Aprocitentan is an oral dual ERA that acts on both the ETA and ETB receptors and is the active metabolite of macitentan [56]. Phase 2 study results showed superior BP lowering with aprocitentan versus placebo or lisinopril in essential hypertension, leading to a pivotal phase 3 trial in patients with RHT [27]. The PRECISION trial was a blinded, randomized, phase 3 study designed to evaluate the effectiveness of aprocitentan when added to standard care for reducing BP compared with placebo over 48 weeks in patients with RHT, excluding patients with apparent or pseudo-resistant hypertension [59, 60•]. RHT was verified by a history of uncontrolled BP despite compliance with ≥ 3 antihypertensive medications of different drug classes for ≥ 1 year, SBP ≥ 140 mm Hg at screening, and no known secondary causes of hypertension [59, 60•]. The study design comprised a 4-week, double-blind, randomized treatment period with aprocitentan (25 mg or 12.5 mg) or placebo, a 32-week single-blind treatment period with aprocitentan (25 mg), and another 12-week double-blind withdrawal treatment period in which patients were rerandomized to aprocitentan (25 mg) or placebo [59, 60•]. The primary efficacy endpoint was change from baseline to week 4 in SBP measured by unattended automated office BP measurement; secondary endpoints were change in SBP from week 36 to week 40 and 24-h SBP and DBP measured by ambulatory BP monitoring at weeks 4 and 40 [59, 60•].

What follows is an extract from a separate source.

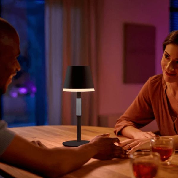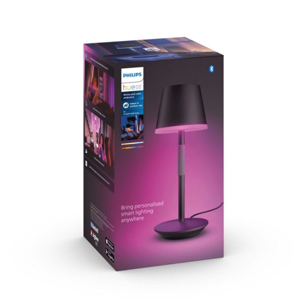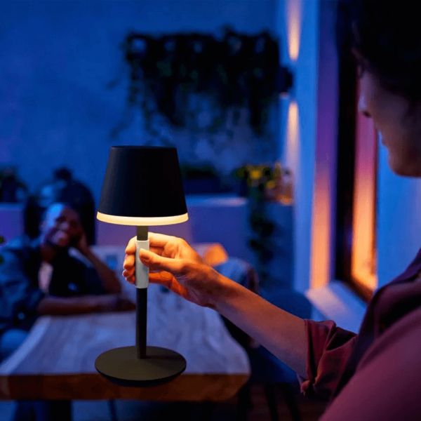 Leve sua luz inteligente para onde quiser com a lâmpada portátil Hue Go na cor preta . É perfeito para uso externo e possui uma alça de silicone para facilitar o transporte para qualquer lugar. Esta lâmpada também é muito resistente e garante vida útil de 10 anos .

Results showed statistically significant and clinically meaningful reductions in SBP at week 4 in both aprocitentan dose groups versus placebo, and the primary efficacy endpoint was met [60•]. Least-squares mean (standard error) changes in SBP at 4 weeks were –15.3 (0.9) mm Hg for aprocitentan 12.5 mg, –15.2 (0.9) mm Hg for aprocitentan 25 mg, and –11.5 (0.9) mm Hg for placebo, amounting to respective differences versus placebo of –3.8 (1.3) mm Hg (97.5% CI, − 6.8 to –0.8; P = 0.0042) and –3.7 (1.3) mm Hg (–6.7 to –0.8; P = 0.0046). Least-squares mean (standard error) changes in office SBP from withdrawal baseline (week 36) to week 40 were –1.5 (0.8) mm Hg for aprocitentan 25 mg and + 4.4 (0.8) mm Hg for placebo (difference –5.8 [1.1]; 95% CI, –7.9 to –3.7; P < 0.0001). Placebo-corrected measurements from 24-h ABPM confirmed the significant reductions in SBP at 4 weeks with aprocitentan 12.5 mg (–4.2 mm Hg; 95% CI, –6.2 to –2.1) and 25 mg (–5.9 mm Hg; 95% CI, –7.9 to –3.8); reductions in DBP were comparable to those for SBP. Changes in mean 24-h ABPM measurement from withdrawal baseline (week 36) to week 40 also showed increased SBP (6.5 mm Hg; 95% CI, 4.6 to 8.5) and DBP (6.8 mm Hg; 95% CI, 5.5 to 8.0) with placebo versus aprocitentan. Reductions in BP were maintained over 48 weeks. Aprocitentan was generally well tolerated, with the primary adverse effect being edema. During the double-blind period, edema was reported by 9.1% and 18.4% of patients in the aprocitentan 12.5 mg and 25 mg groups, respectively, compared with 2.9% of patients in the placebo group; during the double-blind withdrawal period, edema was reported by 2.6% of patients receiving aprocitentan 25 mg and 1.3% of patients receiving placebo [60•]. A long-term favorable safety profile is especially important for chronic antihypertensive treatment to be used in patients who often have several comorbidities and are treated with multiple pharmacologic therapies.